Zootopia is set in a world where humans do not exist and animals have taken their place and are working together to create a new civilization.  Zootopia stands as the utopian metropolis in this world, where animals of all species and colors coexist peacefully.  However, moviegoers will soon learn that this is not the full truth, as they witness prejudices still existing even in the most well-meaning of characters, and see that social conflict remains a part of everyday life, writes Michael Raines for The Red and Black.
While the film centers on a bunny named Judy Hopps, who states that only other rabbits are allowed to call rabbits “cute,” the deeper meaning of the movie lies in the exploration of how bias can create personal opinions and political policies.  Hopps is a bunny looking to become a cop even as the rest of the world continually tries to discourage her.
Throughout the film, the ever-optimistic Hopps carries a spray meant to keep foxes away just in case those underlying prejudices she carries around turn out to be correct, writes Todd Martens for The Los Angeles Times.

“How does that affect somebody?
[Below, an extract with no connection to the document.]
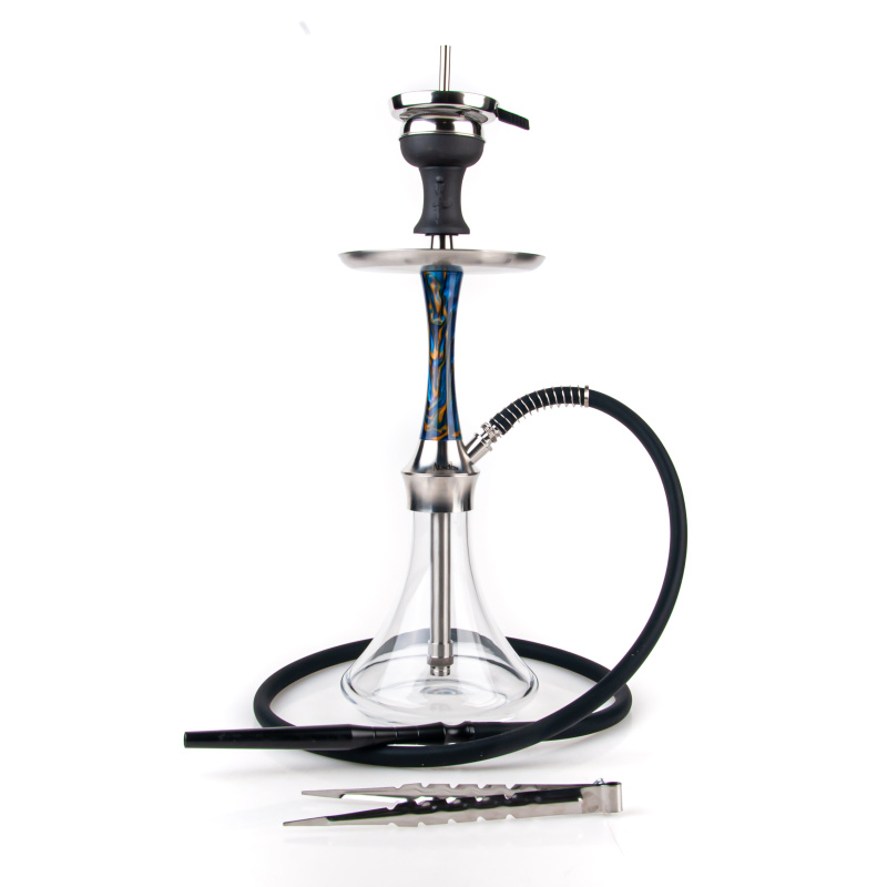 The body of the Aladin Epox 460 is made of high-quality polished stainless steel and decorated with a stylish epoxy sleeve. The body is connected to the base by an internal thread. The hookah uses a "cut" connector to connect the hose, which eliminates the need to use a silicone gasket for connecting. The adjustable diffuser allows the user to adjust the hookah's draw to their liking.

How does that affect the people she’s forced to interact with? The idea of someone who is the most optimistic person on the planet, and believes that they don’t hold bias toward anyone, but then realizing, ‘Oh, my God. I actually do!’ That’s a very human thing that we all have and all struggle with,” says composer Michael Giacchino.

The film is released in a time where children are more aware of identity issues than they ever have been before and are asking their parents questions on the topic that many find difficult to answer.  Jeff Yang writes for Quartz that these questions cannot be ignored because doing so leaves children vulnerable to “potentially more cruel revelations from less empathic sources.”
A number of instances of these discussions are peppered throughout the Internet, with one mother wondering how to explain US presidential candidate Donald Trump’s stance on immigration to her son, who is concerned that his grandparents will be deported, while another talks about what it was like to be a black mother on the day 12-year-old Tamir Rice was shot and killed by a police officer.
Zootopia offers parents a way to discuss these issues with their children by starting a conversation that is considered to be safe by using the film, which changes out race and socialized gender roles for topics used within the animal kingdom including “predators vs prey” and “large vs small.”

“In the world of Zootopia, carnivores and herbivores, earth-shakers and tiny scuttlers, live side by side in peace. But it’s a peace fraught with tension, bearing the scars, literal and figurative, of a long history of antipathy,” writes Yang.